Tutorial 3: Data Plots¶

This tutorial will talk about how to visualise the distributions that have been built in Tutorial 1.

NOTE FOR CONTRIBUTORS: Always clear all output before commiting (Cell > All Output > Clear)!

In [ ]:

# Magic
%matplotlib inline
# Reload modules whenever they change
%load_ext autoreload
%autoreload 2

# Make clusterking package available even without installation
import sys
sys.path = ["../../"] + sys.path

In [ ]:

from clusterking.data.data import Data
from clusterking.plots import BundlePlot

First we load the data created in Tutorial 1 in the folder output/cluster/ with the name tutorial_basics and pass it to the Data class.

In [ ]:

d = Data("output/cluster/", "tutorial_basics")

This data is then used to create an instance of the BundlePlot class.

In [ ]:

pb = BundlePlot(d)

We are now ready to visualise our created data: Let's start by drawing the histograms corresponding to the benchmark points of each clusters by typing:

In [ ]:

pb.plot_bundles()

We can also add more sample points to the plot (in addition to the benchmark point):

In [ ]:

pb.plot_bundles(1, nlines=3)

To save the above plot to the output/cluster folder we use the following commnad:

In [ ]:

pb.fig.savefig("output/cluster/example_plot.png")

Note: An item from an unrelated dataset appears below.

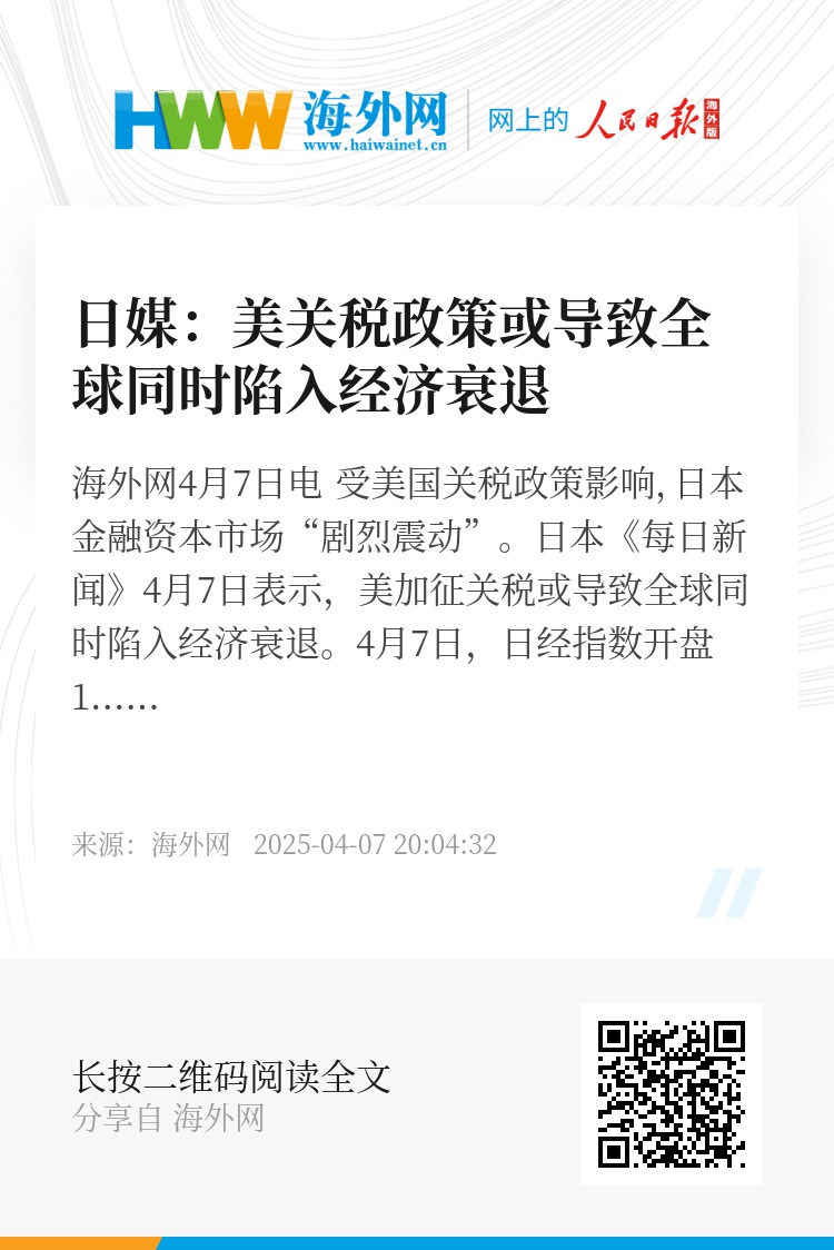 海外网4月7日电 受美国关税政策影响,日本金融资本市场“剧烈震动”。日本《每日新闻》4月7日表示,美加征关税或导致全球同时陷入经济衰退。

Showing the minima and maxima of all clusters is achieved with the plot_minmax method.

In [ ]:

pb.plot_minmax()

The same plot for clusters 2 and 3 only:

In [ ]:

pb.plot_minmax([2,3])

Removing the reference line leads to the follwoing output:

In [ ]:

pb.plot_minmax([2,  3], reference=False)

Box plots can be produced using the box_plot method:

In [ ]:

pb.box_plot(reference=True)

Showing clusters 0 and 2 only:

In [ ]:

pb.box_plot([0, 2])